College of Biomedical Engineering and Instrument Science, Zhejiang University, Hangzhou, Zhejiang Province, China.
Country Two Key Laboratory for Biomedical Engineering, Ministry of Education, y, Hangzhou, Zhejiang Province, China.
Stud Health Technol Inform. 2022 Jun 6;290:106-110. doi: 10.3233/SHTI220041.

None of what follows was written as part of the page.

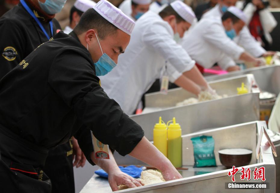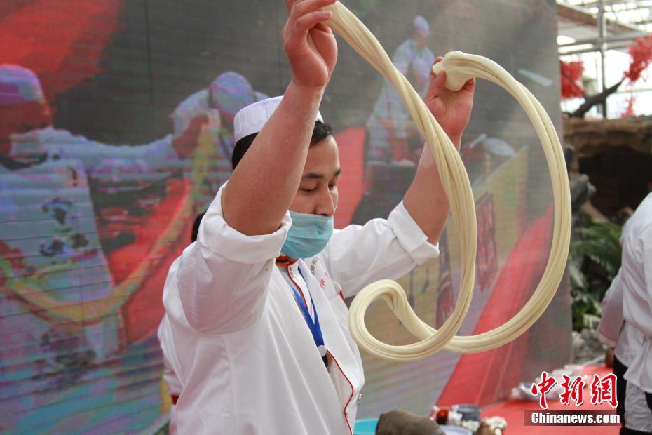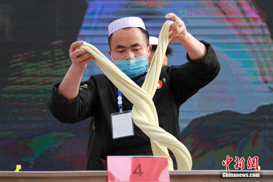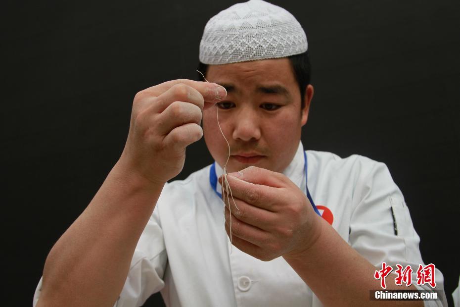 1月29日,选手展示毛细拉面技艺。当日,中国拉面精英争霸赛在青海省化隆回族自治县开赛,来自全国的68个团队的150余位选手参加比赛。比赛现场,选手分别展示了毛细、二细、宽面等拉面制作技艺,赢得观众阵阵喝彩。中新社记者 李培源 摄

The clinical data often have limited usefulness because of the diversified expression. Chinese clinical data standardization can improve the usability of clinical data. The complexity of data cleaning and coding for Chinese clinical data prompted the turn of low-effective manual coding into the computer-aided tool. This study established the universal data cleaning and coding process and tool for Chinese clinical data standardization, which can greatly improve human efficiency. The process included the preprocessing, text similarity algorithm, and manual review. The standardization process proved effective for the diagnosis, drug, and examination data standardization task and can be used gradually in other clinical domains. The semi-automatic data cleaning and coding can reduce the half time for standardization, and it was used in hospitals in Beijing.
临床数据通常由于表达多样化而具有有限的用途。中国临床数据标准化可以提高临床数据的可用性。中文临床数据的数据清理和编码的复杂性促使低效的手动编码转向计算机辅助工具。本研究为中国临床数据标准化建立了通用的数据清理和编码流程及工具,可以极大地提高工作效率。该流程包括预处理、文本相似度算法和手动审查。标准化流程在诊断、药物和检查数据标准化任务中被证明是有效的,并且可以在其他临床领域逐步应用。半自动化的数据清理和编码可以将标准化的时间减少一半,已经在北京的医院中使用。